Craig A. Miller (born October 24, 1969), better known by his stage name Kam, is an American rapper known primarily among hip hop fans and music critics during the 1990s and early 2000s.

Career
He is known for his Nation of Islam–influenced lyrics and NOI membership, and affiliation with his cousin, fellow West Coast emcee Ice Cube. He is also known for his powerfully commanding baritone voice and knack for using multisyllabic rhymes. He has only released two albums since his well-received 1993 debut album Neva Again. That album featured inflammatory anti-government lyrics and hit single "Peace Treaty," a song about the 1992 Watts gang treaty. The song reached #2 on the Hot Rap Singles chart in 1993.

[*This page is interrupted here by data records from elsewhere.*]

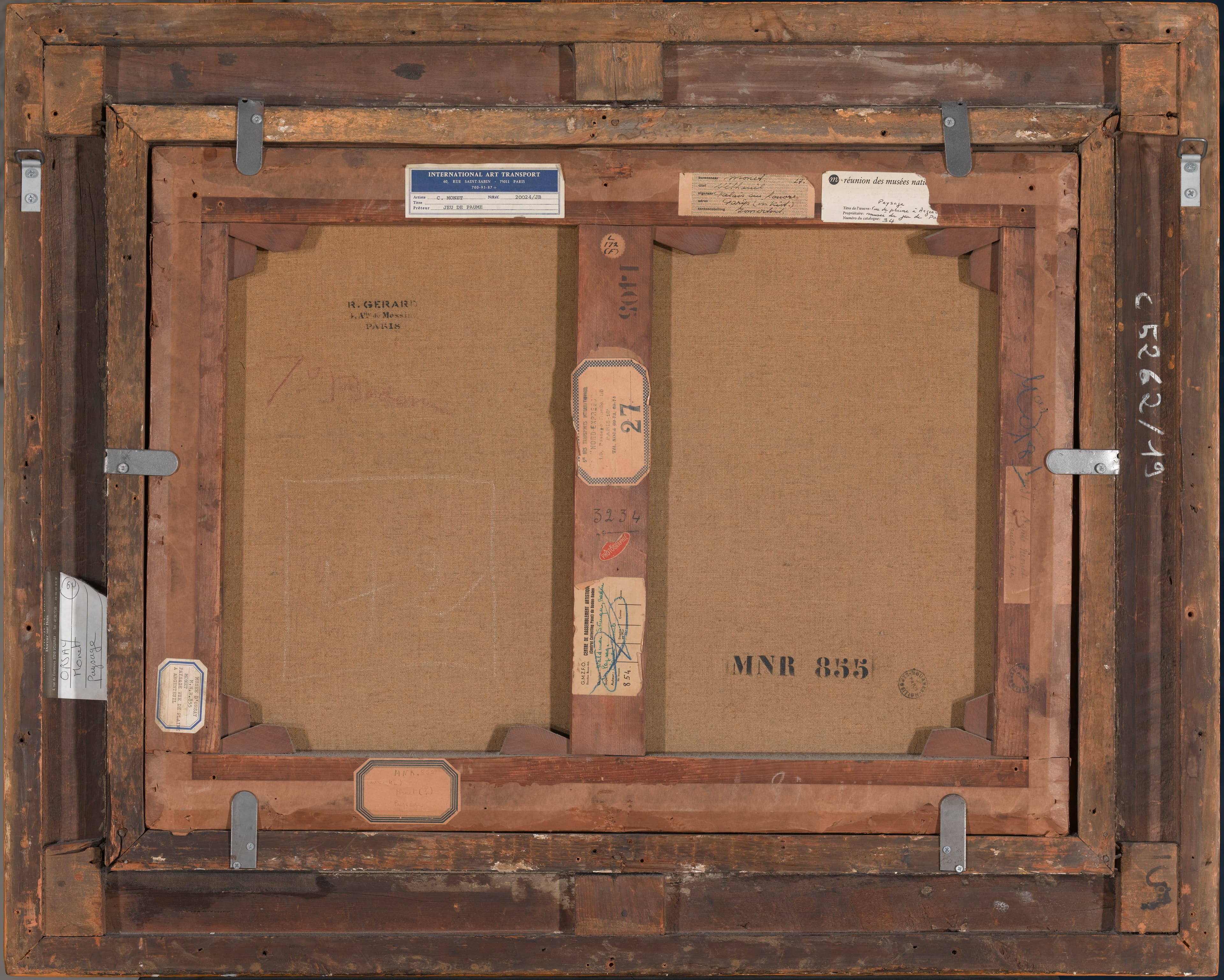 -Traverse médiane : Étiquette ronde dentelée « L/172/(F) » ; au pochoir noir « 1405 » ; étiquette rectangulaire à coins coupés bordée d'un rang de croisillons bleus « Sté des Transports Internationaux/'Nord-Express'/1-5passage Ruelle 1-5/Paris 18ème/Tél. NORD 69-73, 69-74/27 », recouvre une autre étiquette ; au crayon bleu « 3234 » souligné d'une flèche dirigée vers la gauche ; étiquette ovale rouge « Photographiée » ; étiquette rectangulaire « G.M.Z.F.O./Direction Beaux-Arts/Centre de rassemblement artistique (Central Collecting Point) de Baden-Baden/Origine : Waldemar Strenger, Baden/Sujet : Paysage/Auteur : Claude Monet/N° Invent. 854/Salle/Étagère ou mur/Casier/Caisse ».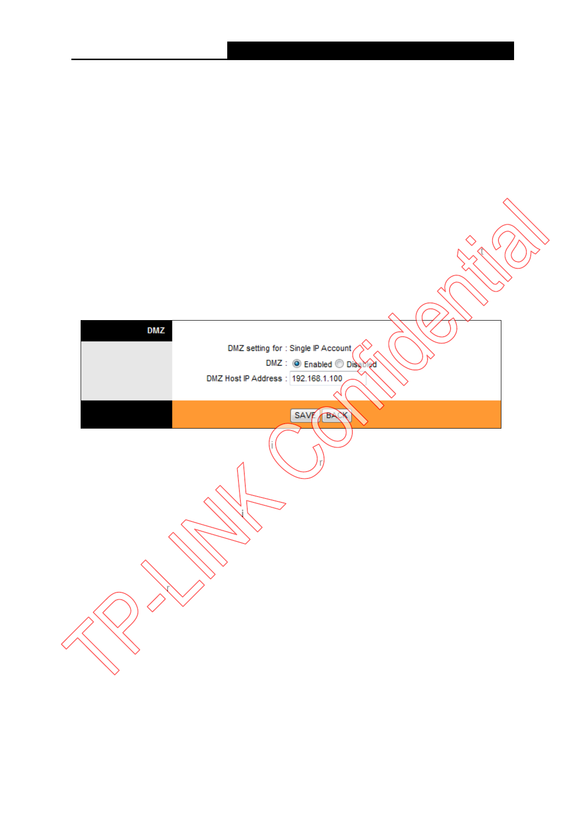 Choose “Advanced Setup→NAT→DMZ” in Figure 4-33, you can configure the DMZ host in the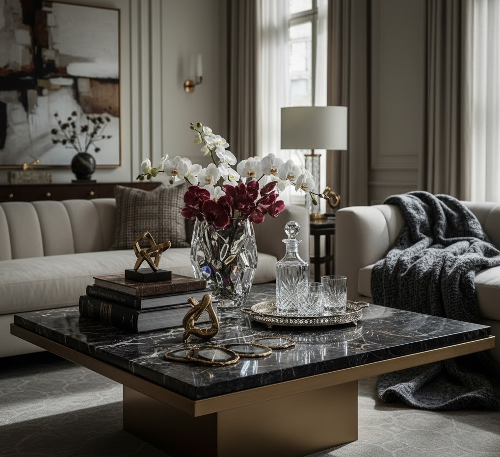 Classic elegant square coffee table decor exudes timeless sophistication and refined taste, creating an atmosphere of enduring grace. This style incorporates traditional elements such as polished silver trays, crystal or cut-glass vases with fresh flowers, antique-inspired decorative boxes, and perhaps a stack of leather-bound literary classics, evoking a sense of heritage and luxury. The colour palette is typically understated and rich, featuring deep blues, forest greens, burgundy, and creams, often accented with gold or silver, fostering a dignified and inviting mood. Functionality is subtly integrated, with decor items chosen for their enduring beauty and practical use, ensuring the square coffee table remains a practical and aesthetically pleasing surface for entertaining or quiet reflection. This approach to square coffee table styling celebrates enduring beauty and traditional craftsmanship, transforming your living area into a distinguished and comfortable space that feels both grand and intimately welcoming.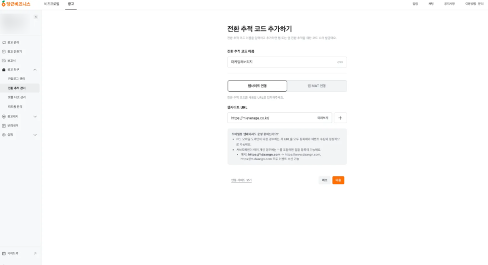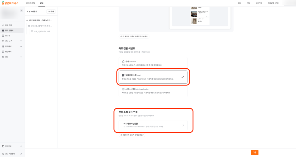 전환 추적 코드를 선택해 주고 다음을 눌러주세요.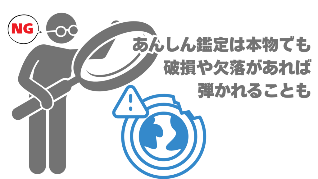 この場合、鑑定の「基準未満」と判断され購入者に返品されます。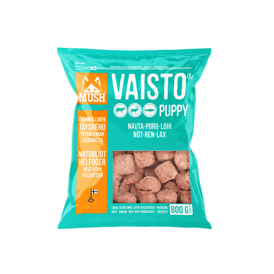 Vanlig pris Fra 99,00 NOKVanlig prisEnhetspris / perSalgspris Fra 99,00 NOKVaisto isblå puppy fryst | storfe-reinsdyr-laks | 800g/3kg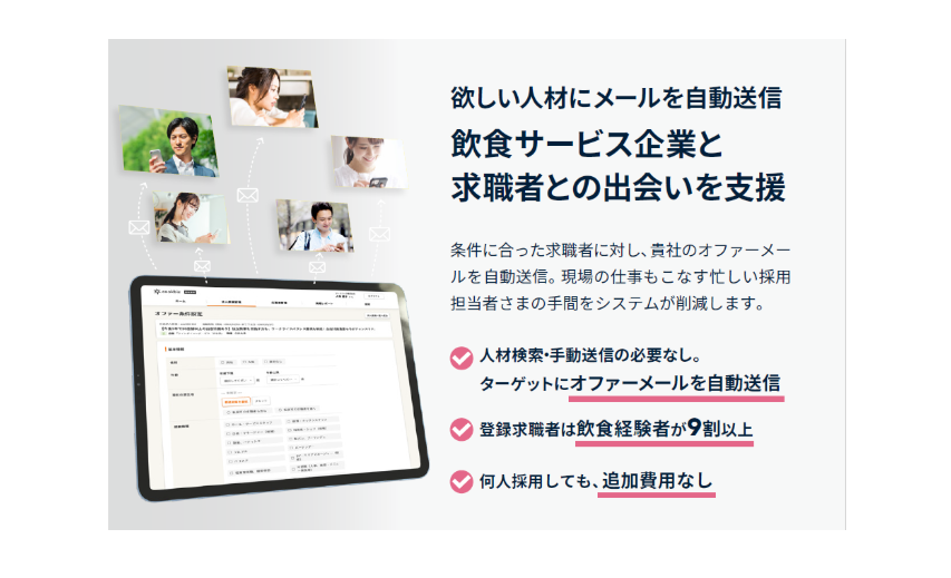 クックビズ ダイレクトオファーは、条件に合った求職者へオファーメールを自動送信できる採用支援サービスです。 飲食業界経験者を中心とした求職者に対して、採用担当者の手間を抑えながら効率的にアプローチできます。 最初に求める人材条件を設定するだけで、システムが対象となる求職者へ自動でメールを送信します。 人材検索や手動送信の必要がなく、日々の業務で忙しい採用担当者でも利用しやすい点が特徴です。 管理画面では、オファー設定、送信、応募、入社までの進捗管理が可能です。 また、求職者とのメッセージのやり取り、求人原稿管理、選考管理、掲載レポートの確認にも対応しています。 【主な仕様・機能】 ・サービス内容:ダイレクトオファー/スカウトメール自動送信 ・対象求職者:飲食経験者を中心とした登録求職者 ・登録求職者数:110,000人以上 ・飲食経験者:9割以上 ・主な機能:オファーメール自動送信、求人原稿管理、メッセージ管理、選考管理、掲載レポート ・送信方法:条件設定後、システムが対象求職者へ自動送信 ・リマインド:反応がない求職者へ再アプローチ可能 ・管理項目:オファー応募数、送信通数など ・利用期間:4週間、8週間、12週間 ・最大求人数:1求人〜10求人 ・料金形態:UU数、利用期間、最大求人数に応じた料金設定 ・追加採用費用:何人採用しても追加費用なし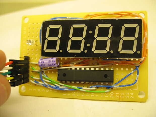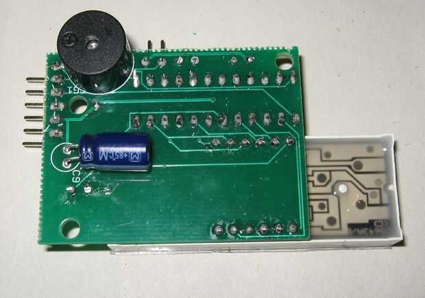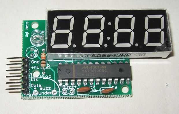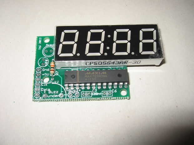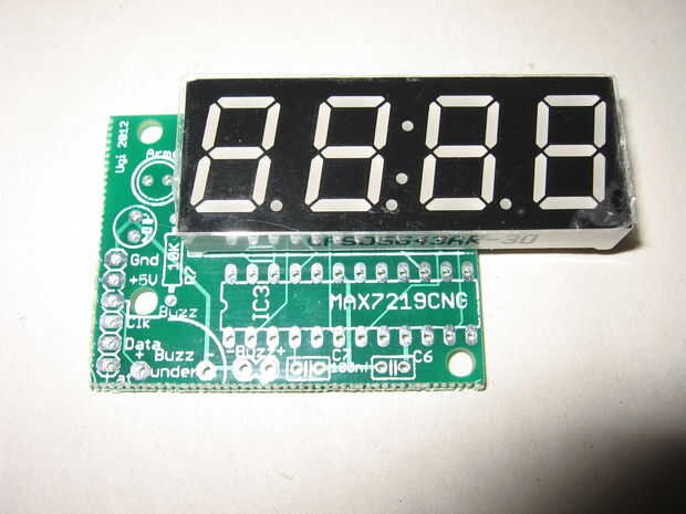 La parte más difícil de este módulo es obtener simplemente los pernos más bien largo y flexibles de la pantalla de LED a través de sus orificios. También necesita hacer las cabeceras de pin antes de la alarma ya que se monta en la espalda, superposición de sus almohadillas de soldadura. Existe un opcional 2 pines si desea montar el timbre fuera del tablero. Soldado en todo pero realmente no necesita el encabezado y el buzer. Hice lo siguiente:
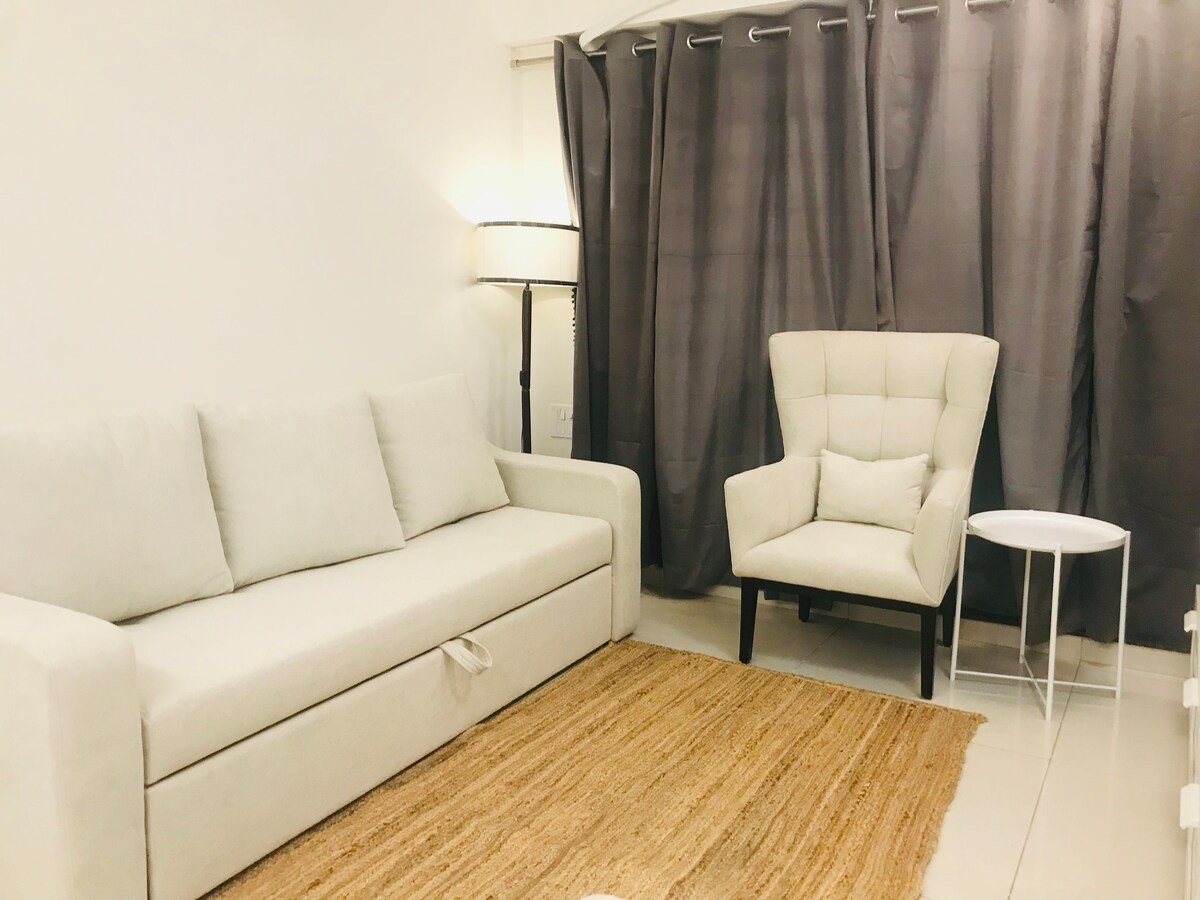Simple minimalistic living.All spaces have neutral tones.Lighting is done to illuminate the space nice & bright but not to hit your eyes directly.The pool, gym and sauna can rejuvinate you, along with a kids play area for your child.We have a mountain view overlooking lush greenary.Rainy days are treat to eyes.King size bed and king size sofa bed for better comfort. It was furnished for our own stay, so enjoy and take care of our small cozy apartment as your own. Mi Casa , Su Casa !!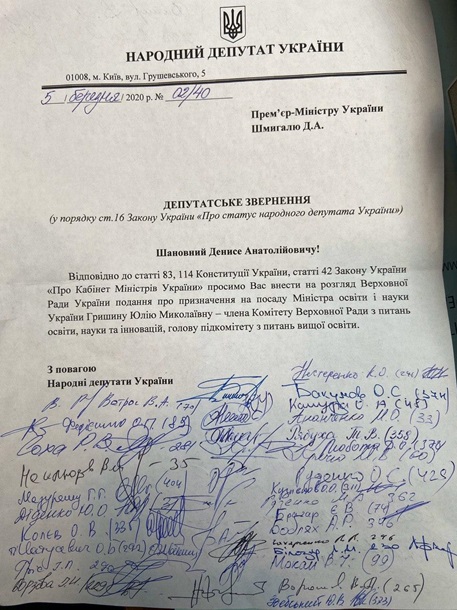 «Фракция Слуга народа видит доктора наук, коллегу по парламенту Юлию Гришину новым министром образования. Сейчас идет сбор подписей», — отметил он.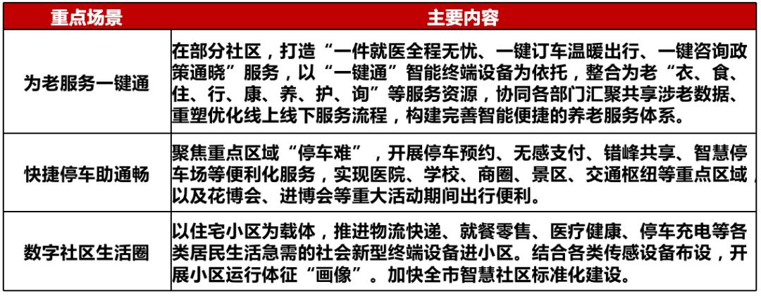 今年1月,上海公布了《关于全面推进上海城市数字化转型的意见》,在全国率先打响城市数字化转型“发令枪”。经过半年时间,上海出台了数字生活的建设导引,共十二大类场景、二十个示范标杆。其中和“数字家园”直接相关的包括:为老服务一键通,快捷停车助通畅,数字社区生活圈。我们认为,对参与智慧社区建设的地产企业来说,从现在开始就需要思考如何打造社区服务集成平台,更好连接融合外部各类服务供应商,以实现“智慧社区”向“数字家园”的新形态转型。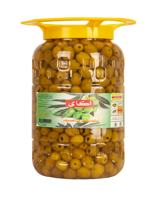 زیتون شور بی هسته، نمک تصفیه شده صنایع غذایی، سرکه تقطیری با اسیدیته ۵%، آب آشامیدنی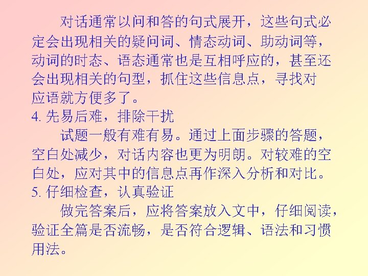 (3) 依据上下文,及全文的意思,此空应是“你得 了感冒。”因在下一句,说了 “Can you tell mehow I got a cold? ” 所以此句应填 “You’ve got a cold. /You’ve caught a bad cold. /You’ve had a bit of cold. ”。 (4) 依据上下句,特别是下句No, I don’t think it is too serious. 所以此处应是“我的感冒严重吗?” 应填 “Is it serious? /Is that rather serous? ” (5) 依据上下句,上句是take this medicine, 下句是 Three times a day. 所以应填 “How often do I take this medicine? /How often must I take the medicine? ”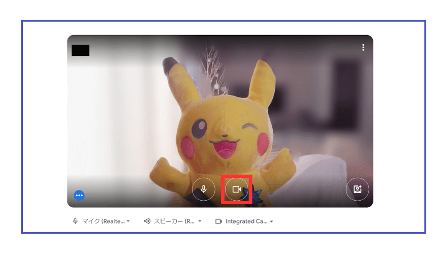 カメラは、カメラアイコンをクリックして映像が映っていれば動作しています。顔を映したくない場合は、カメラアイコンをクリックしてOFF(斜線が入っている状態)にしてください。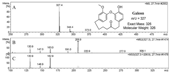 Mass spectra of galeon: (A) MS spectrum; (B) MS2 spectrum; (C) MS3 spectrum.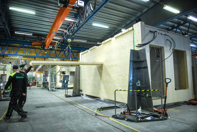 I fabriken håller en rad hotellrum som nämnt på att byggas. De byggs i moduler där väggar, tak, fönster, dörrar och badrum monteras i tur och ordning.
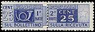 Doppelbriefmarke: Briefmarke die aus Abrechnungsgründen aus 2 Teile besteht (z. B. Paketmarke: die linke Hälfte wurde auf die Paketkarte und die rechte Hälfte auf den Einlieferungsabschnitt aufgeklebt) |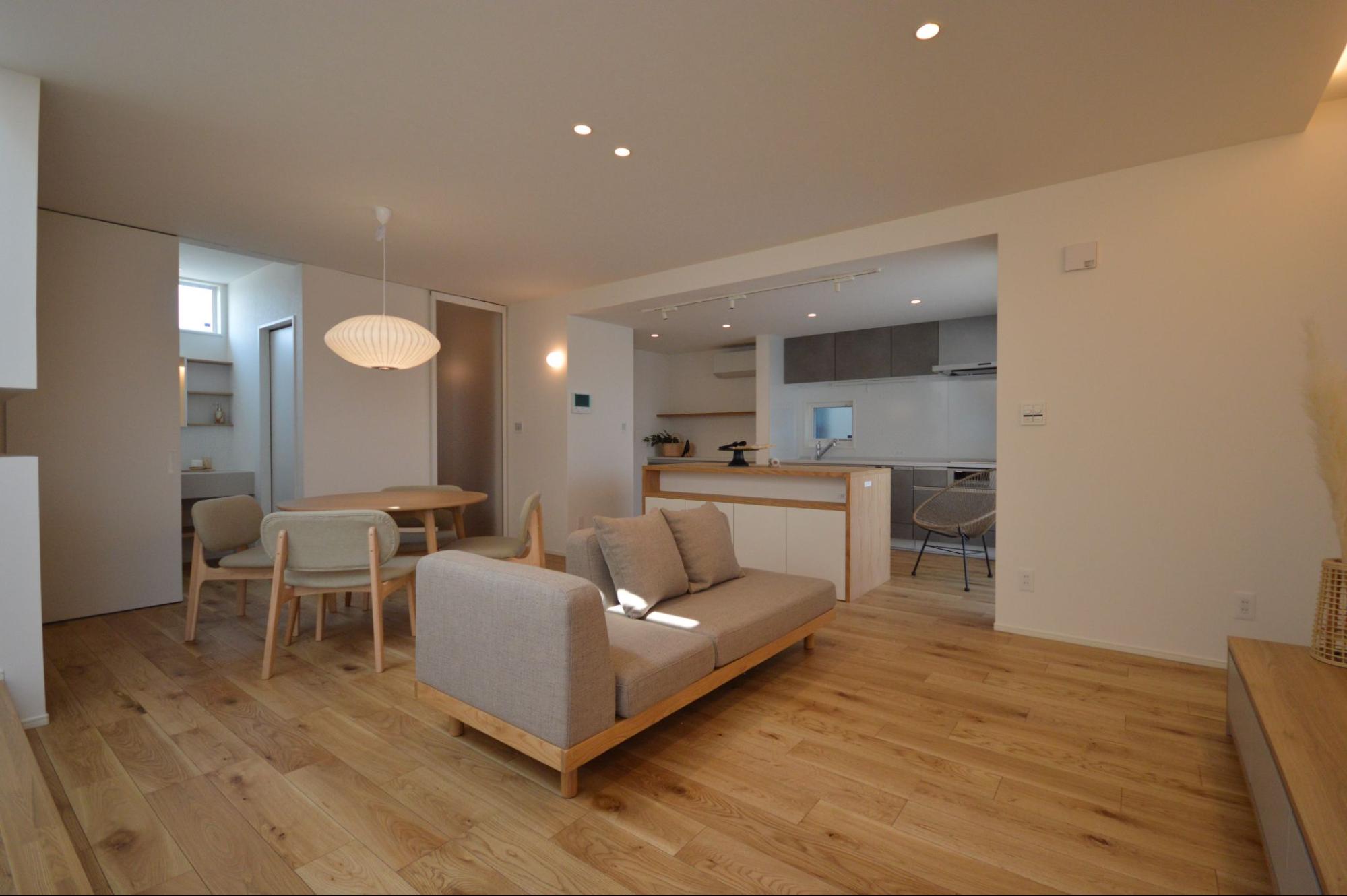 こちらの事例は、広々としたリビングで家族が一緒に過ごせる空間設計が特徴のジャパンディな住まいです。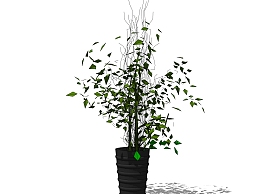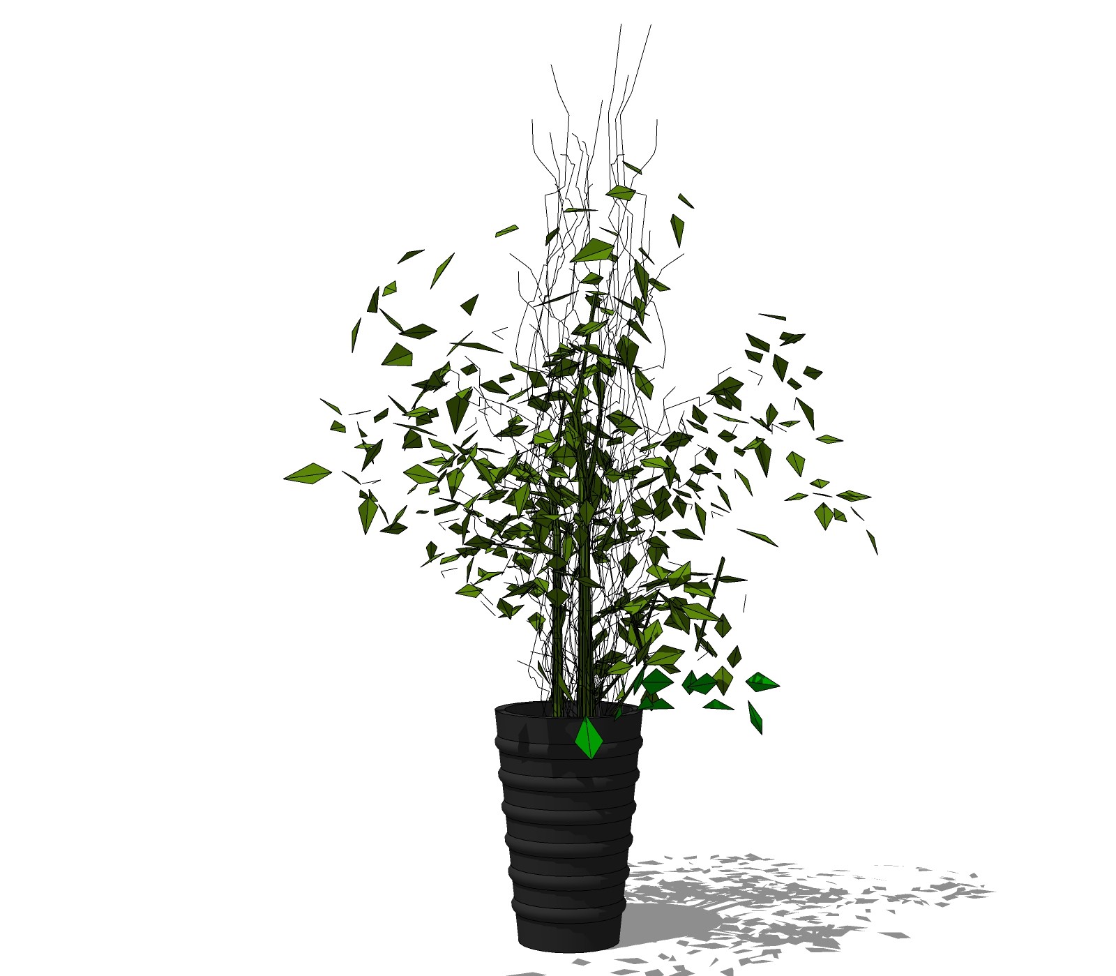 陶瓷花盆植物su模型,南天竹花艺草图大师模型下载

His first appearance on record was with the song "Every Single Weekend" from the 1991 Boyz n the Hood soundtrack. Since then, he has collaborated with artists including Ice Cube, Snoop Dogg, Coolio, E-40, Erick Sermon, MC Ren, C-Bo, K9Compton, DJ Quik, DJ Pooh, Tha Eastsidaz, Method Man, KRS-One, Public Enemy, Nate Dogg, Warren G, Paris, Tha Dogg Pound, Xzibit, Tyrese, Tank, George Clinton, Dresta, B.G. Knocc Out, Yukmouth, Afroman, and Glasses Malone among many others.
He has released music on two record labels, East West Records and JCOR Entertainment. He is currently signed to his own record label, HEREAFTER RECORDS, and plans to release his fourth solo album. He is also currently a member of Snoop Dogg's West Coast supergroup The Warzone with MC Eiht and Goldie Loc.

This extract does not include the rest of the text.